# gastroscopy and flexi sigmoidoscopy - really scared



## lucyinthesky7 (Mar 16, 2009)

Hi, have gastroscopy and flexi sigmoidoscopy on this Friday 13th. I'm really terrified - what it will be like, internal bleeding from test, what they'll find, germs from hospital... Arhg! Plus got to travel from Kent to London. Sorry, just worried.


----------



## BQ (May 22, 2000)

Lucy don't apologize. I think we all feel that way when we have these tests done.However... I will say when I am nervous about something... I try to just think of all of the positives instead of all of the negative possibilites.
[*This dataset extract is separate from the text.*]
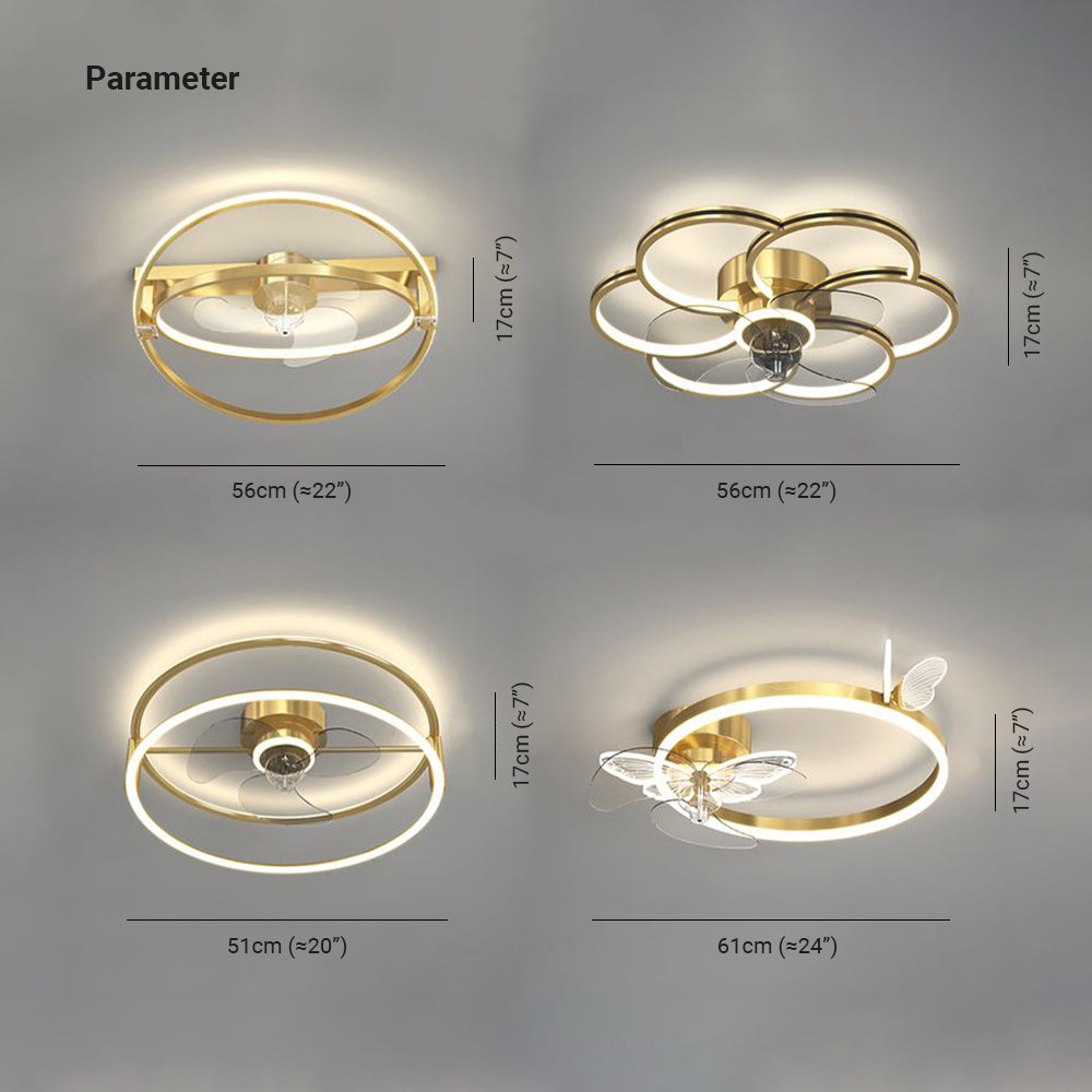 Arisha kattotuuletin valolla, 2 väriä / 4 tyyliä, DIA 20"/22"/24"
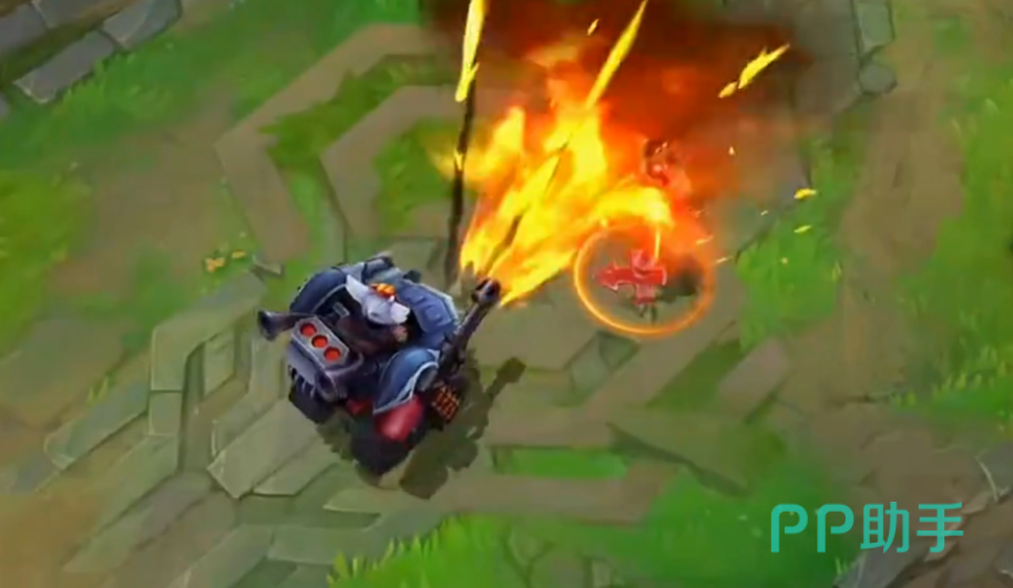 他的第三个技能会发射出鱼叉对目标形成魔法输出的同时还会形成减速效果,超频下减速和输出提升,他的大招是发射出一枚飞弹,对命中的敌人形成魔法伤害,在命中区域内留下会持续燃烧的火焰,对区域内敌人形成持续输出值。

And, just think, within a few days time now... all of this will be over and done and you may have some answers! Be assured you will be in my thoughts.


----------



## Diana63 (Oct 20, 2009)

Hello LucyIt is understandable being nervous about these sort of tests.I was myself,but when i got to the hospital the staff were very reassuring and helped me to relax as much as i could,i was sedated for tests,so i was asleep then next thing i new i was awake in recovery.Speak to someone at the hospital and tell them how you are feeling.Take care.


----------



## lucyinthesky7 (Mar 16, 2009)

Thank you so much Diana and BQ. I'm hoping to have them without sedation, but not sure if that's wise...


----------



## BQ (May 22, 2000)

Lucy about the sedation... I was out and knew nothing and remembered nothing of it. I had a colonoscopy though... not just a flex sig. Also ask the Dr or nurse about them perhaps spraying your throat some to numb it up or something before the endo. That would be the best of both worlds... awake.. but numb!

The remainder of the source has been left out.